WHAT IS EXPECTED >> Output exactly the lines from the one containing "Ở cô nàng Lindsay" through the final line of the entries below, both included, and skip the pictures.

DATA EXCERPTS >>

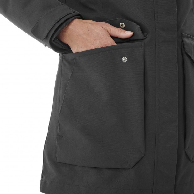 Moderný dámsky kabát LAPLAND 3v1 W. Skladá sa z nepremokavej bundy jednoduchých línií a vnútornej bundy vyplnenej teplým vatelínom s prešívaním v štýle „páperovej bundy“. Vďaka svojej odolnej textúre bude perfektný na každodenné použitie. Pri výrobe tohto produktu sa používajú recyklované materiály.
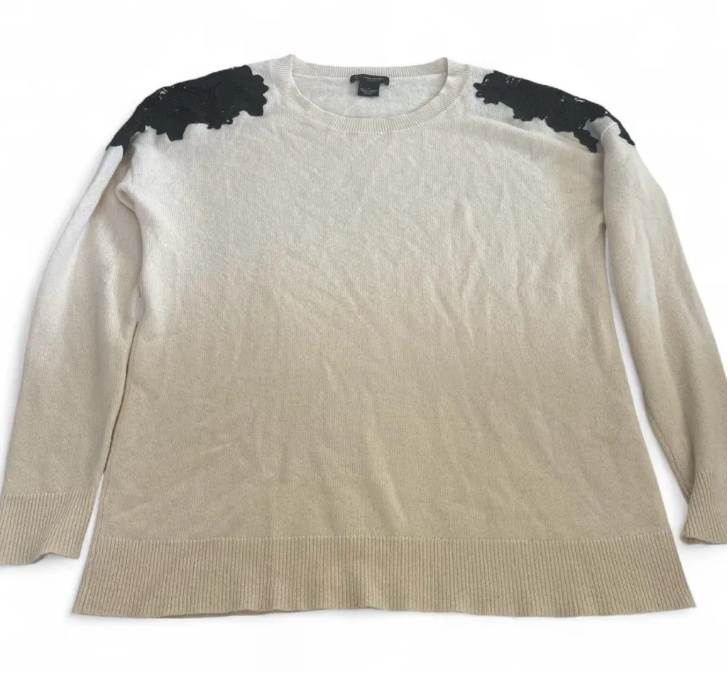 Elegant cream cashmere sweater. Soft and luxurious feel. This is a Bloomingdale's women's snow detailed 2-ply 100% cashmere sweater with black crocheted lace detail on the shoulder No holes or stains Lightweight sweater This sweater runs a little bit big see pictures for measurements for a better fit.
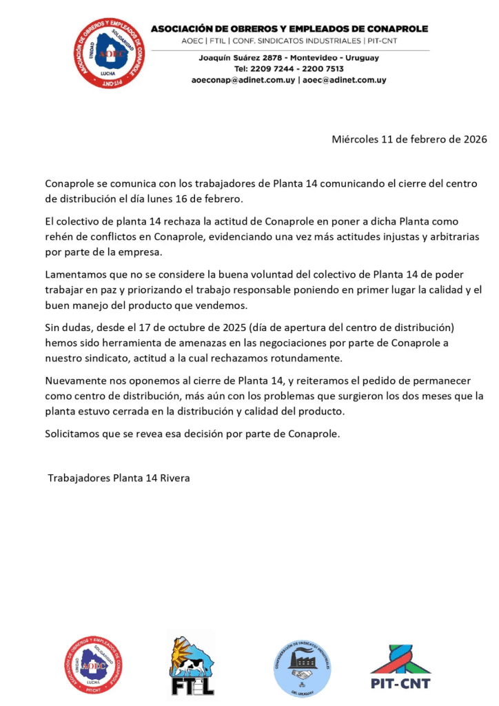 “El colectivo de planta 14 rechaza la actitud de Conaprole en poner a dicha planta como rehén de conflictos de Conaprole, evidenciando una vez más actitudes injustas y arbitrarias por parte de la empresa”, afirman los trabajadores de Rivera.
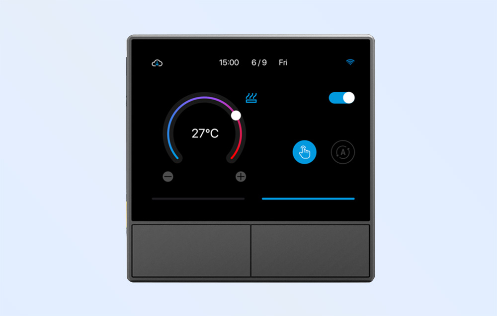 Now you can conveniently operate your devices and activate selected smart scenes with just a few touches. Sonoff wall switch is equipped with a touch screen HMI panel, which provides quick access to many useful functions. With its help, you can easily operate the lighting, adjust the operation of the air conditioning and more! What's more, below the display there are 2 physical buttons that will allow you to independently control 2 devices - for example, the one you use most often.
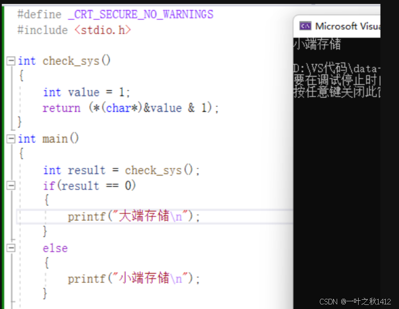 printf("小端存储\n");
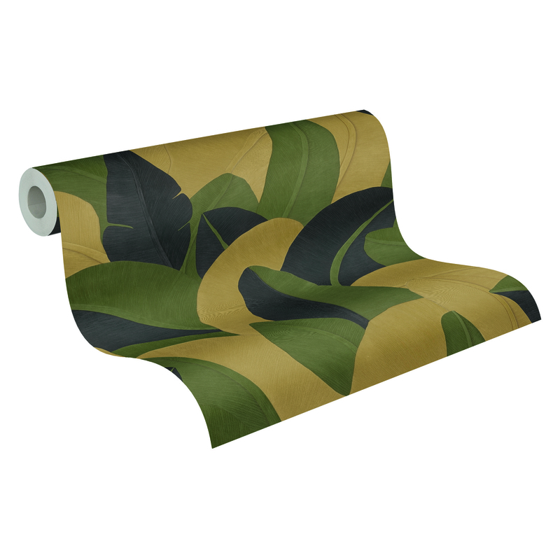 Golden Canopy 79039-1 is een krachtig samenspel van zwart, geel en groen. De grote, overlappende bladeren creëren een levendig en luxueus statement op de muur. Het contrast tussen diepe donkere tinten en warme gele accenten zorgt voor spanning en elegantie, terwijl het groen een natuurlijke balans toevoegt. Een uitgesproken dessin dat sfeer en karakter brengt zonder zijn verfijning te verliezen.
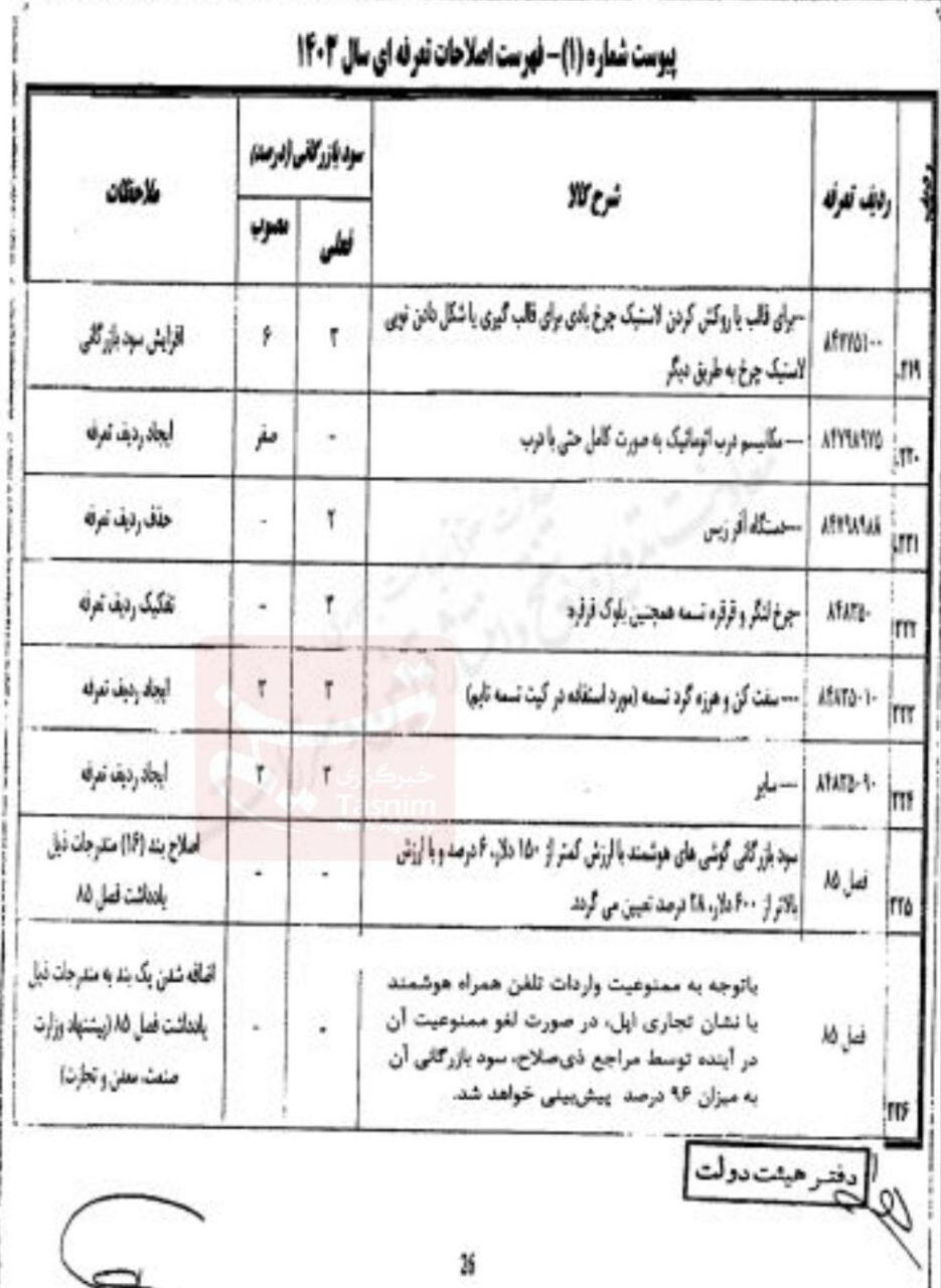 همچنین در ردیف ۲۲۵ این مصوبه، سود بازرگانی گوشیهای هوشمند کمتر از ۱۵۰ دلار، ۶ درصد و بالای ۶۰۰ دلار، ۲۸ درصد تعیین شده است.
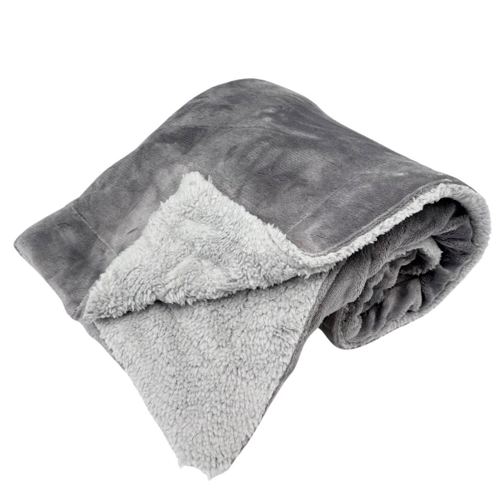 Az egyik oldala szürke, a másik oldala világosszürke báránybőr hatású. Azt az oldalt takarja be, amelyik éppen szimpatikusabb. A takaró gyorsan felmelegít a kanapén pihenve vagy alvás közben, kellemes és nélkülözhetetlen a hűvösebb időszakban a teraszon, a kertben vagy a természetben ülve.
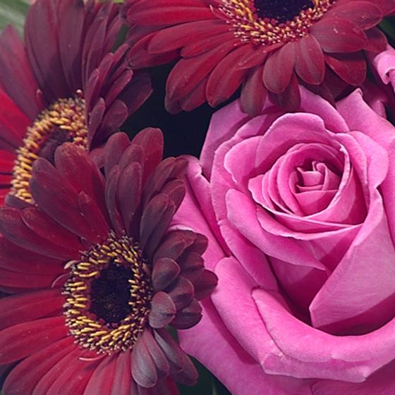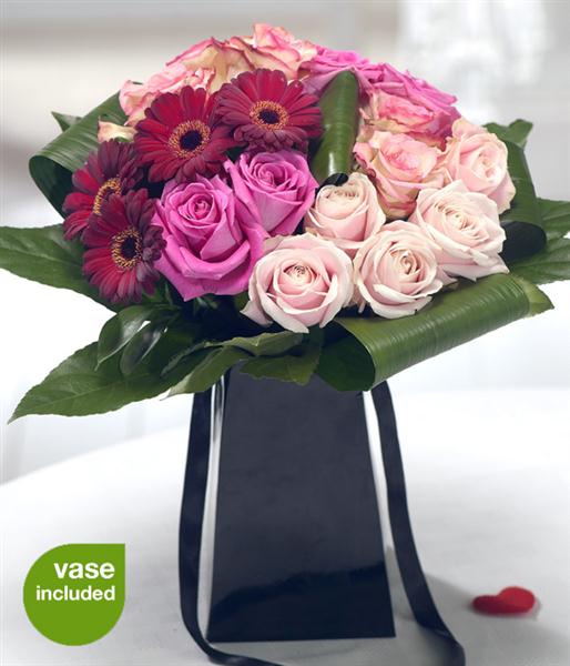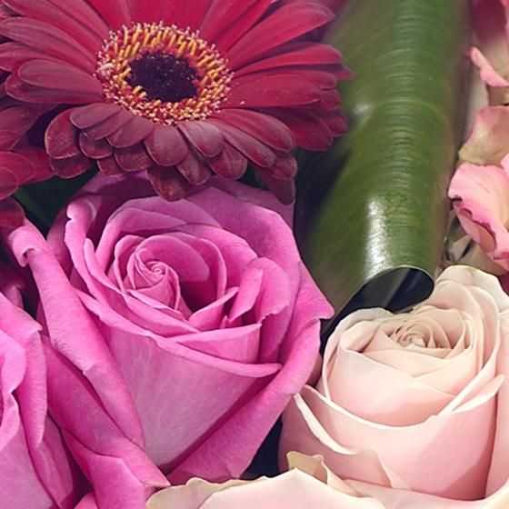 A luxurious bouquet featuring pink Roses, complemented perfectly by deep red velvety Germini. Striking Aspidistra and Aralia leaves complete this exquisite arrangement.
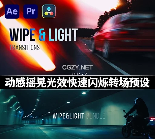 包含50组动感光效快速闪烁转场预设包。模板由Quarz制作,专为需要快速添加视觉冲击力和动感效果的项目设计,特别适合制作社交媒体视频、电影预告、宣传片和动态展示等内容。
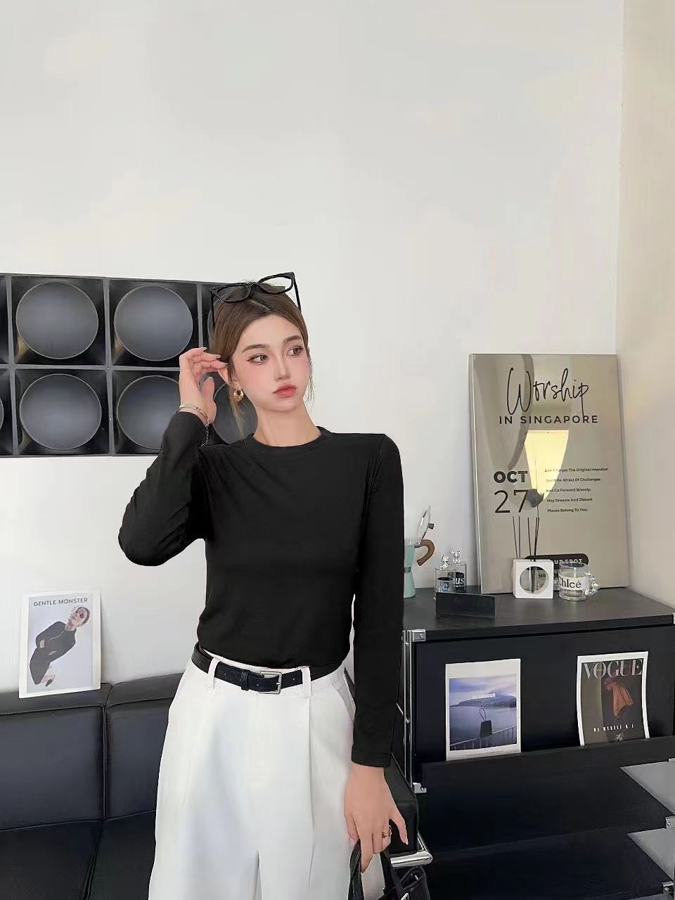 Модальный высокоэластичный круглый вырез с длинным рукавом белого цвета
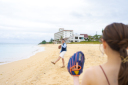 キラキラ輝くビーチのそばを歩いて撮影しました。楽しそうに見つめ合っています♡"
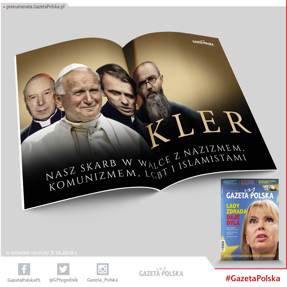 Okładka poprzedniego numeru tygodnika Gazeta Polska była przeróbką plakatu filmu „Kler”. Zamiast przebierańców na czele ze znanym z wypowiedzi kipiących nienawiścią do PiS Januszem Gajosem, na plakacie pokazani są prawdziwi duchowni – Jan Paweł II, Prymas Stefan Wyszyński, ksiądz Jerzy Popiełuszko i Maksymilian Kolbe. Wczoraj sejm zdecydował o ustanowieniu 19 października Narodowym Dniem Pamięci Duchownych Niezłomnych. W środowiskach feministycznych zawrzało. Profesor Magdalena Środa nie wytrzymała. W swoim wpisie na Facebooku zaatakowała nie tylko inicjatywę upamiętniania Kapłanów Niezłomnych, lecz ostro skrytykowała nawet posłów Platformy Obywatelskiej.Gdy Europa upada niszczona przez polityczną poprawność i gender z jednej, a islamskie hordy z drugiej strony, powstał plan wywołania buntu Polaków przeciwko księżom. Taki plan mógł rodzić się tylko w głowach wrogów Polski, podobnie jak wszystkie poprzednie próby zniszczenia polskiego Kościoła instytucjonalnego. A zaakceptowany może zostać przez skończonych idiotów podcinających gałąź, na której siedzą” – pisze w najnowszym numerze tygodnika Gazeta Polska Piotr Lisiewicz.Wczoraj sejm przyjął projekt ustawy mówiący o upamiętnieniu Duchownych Niezłomnych. Za przyjęciem ustawy - której projekt zgłosiło PiS - głosowało 356 posłów, przeciw było 39, a 21 posłów wstrzymało się od głosu. Wcześniej Sejm przyjął cztery poprawki, autorstwa PSL-UED, polegające na zastąpieniu w tytule i treści ustawy wyrazów "Kapłanów Niezłomnych" - jak było w projekcie - słowami "Duchownych Niezłomnych".Według projektodawców ustawy, ustanowienie 19 października Narodowym Dniem Pamięci Duchownych Niezłomnych "jest wyrazem hołdu" dla duchownych, którzy swoją postawą "dawali wyraz wierze w Jezusa Chrystusa, ale też męstwu i niezłomnej postawie patriotycznej".Tego dla Magdaleny Środy było już najwyraźniej za dużo. W emocjonalnym wpisie na Facebooku zwyzywała Platformę, nazywając ugrupowanie kierowane przez Grzegorza Schetynę „idiotyczną partią”.
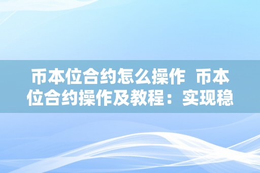 币本位合约怎么操作 币本位合约操作及教程:实现稳定收益的利器
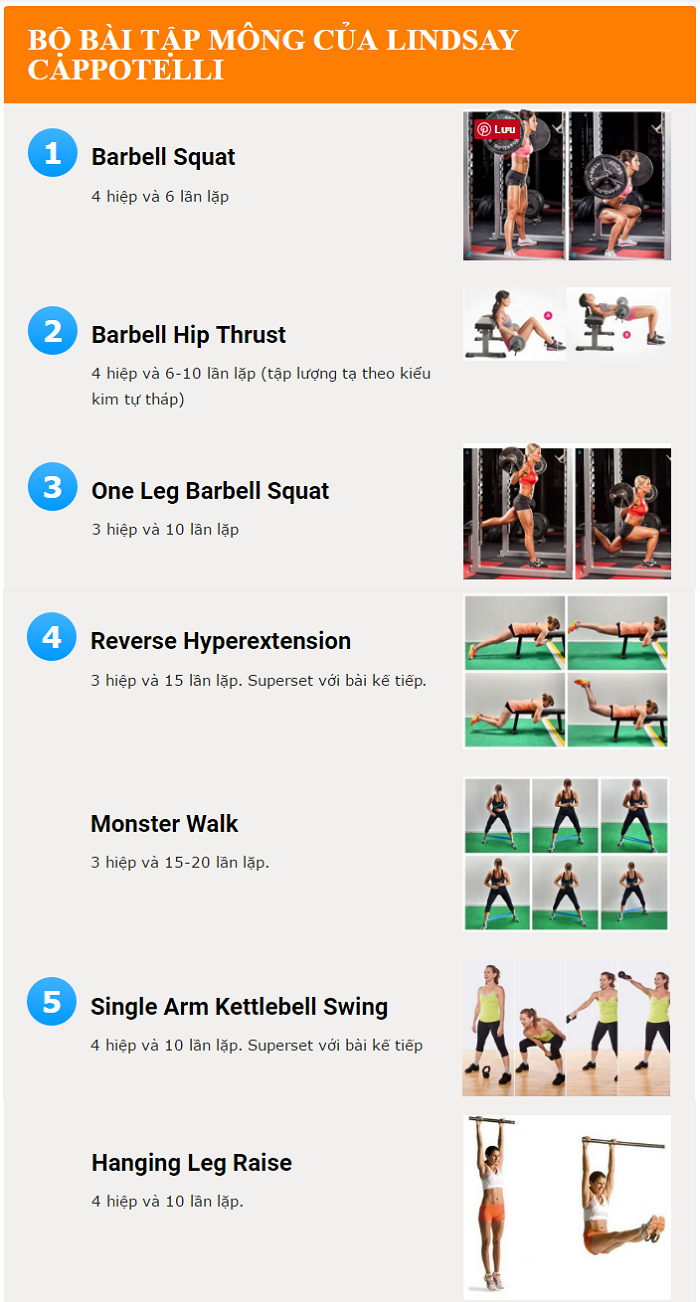 Ở cô nàng Lindsay Cappotelli thì lại luôn cố gắng đạt mục tiêu là sức mạnh và cơ bắp nên Lindsay Cappotelli hướng đến sự “to hơn” với các bài nâng tạ thuộc dạng compound trong lịch tập của mình. “Tôi là fan bự của bài tập Hip Thrust với lượng tạ nặng để xây dựng vòng 3, và tôi cũng luôn thêm 1 vài bài tập mông Isolation vào cuối buổi tập để kết thúc buổi tập mông của mình”.
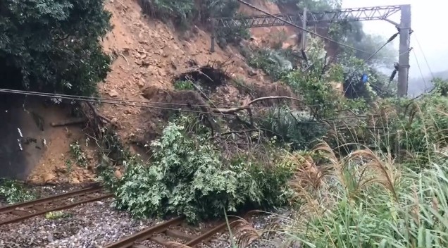 ▲台鐵軌道邊土石大規模滑動。(圖/翻攝東森新聞)
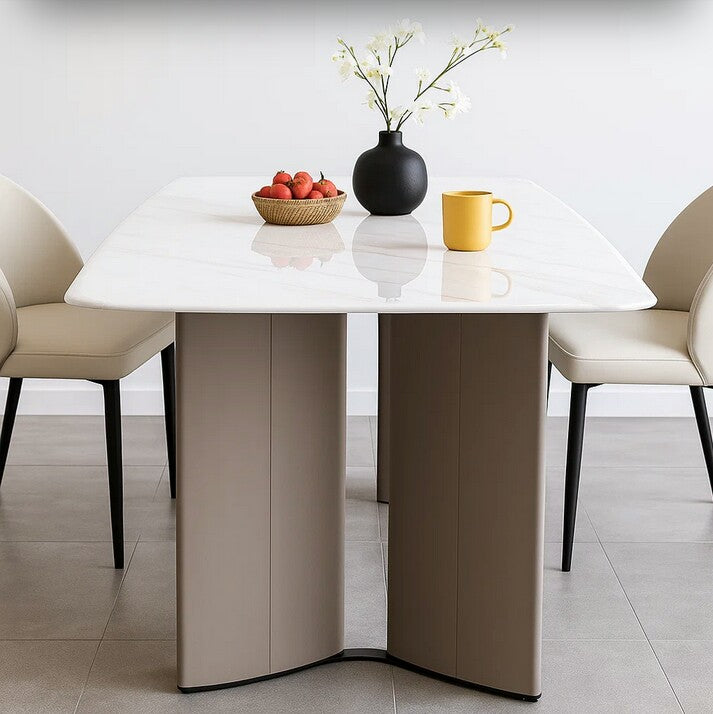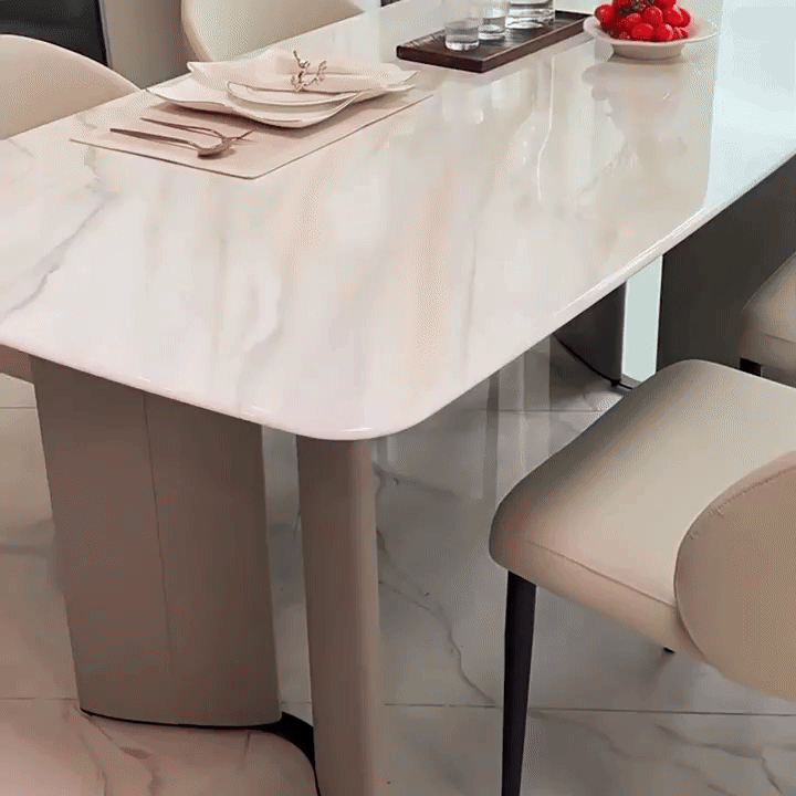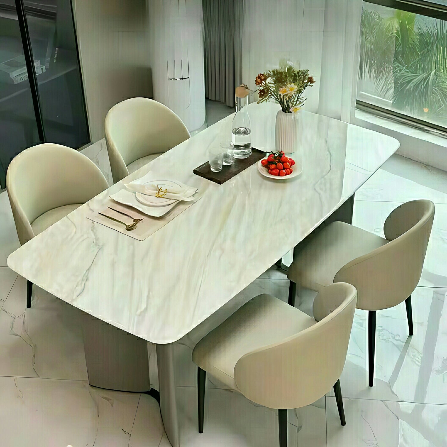 This modern minimalist dining table pairs a sleek silhouette with the timeless beauty of marble. Designed for both everyday meals and special gatherings, it brings understated luxury and durability to your dining space.

EXERCISE ANSWER >>
 Ở cô nàng Lindsay Cappotelli thì lại luôn cố gắng đạt mục tiêu là sức mạnh và cơ bắp nên Lindsay Cappotelli hướng đến sự “to hơn” với các bài nâng tạ thuộc dạng compound trong lịch tập của mình. “Tôi là fan bự của bài tập Hip Thrust với lượng tạ nặng để xây dựng vòng 3, và tôi cũng luôn thêm 1 vài bài tập mông Isolation vào cuối buổi tập để kết thúc buổi tập mông của mình”.
 ▲台鐵軌道邊土石大規模滑動。(圖/翻攝東森新聞)
 This modern minimalist dining table pairs a sleek silhouette with the timeless beauty of marble. Designed for both everyday meals and special gatherings, it brings understated luxury and durability to your dining space.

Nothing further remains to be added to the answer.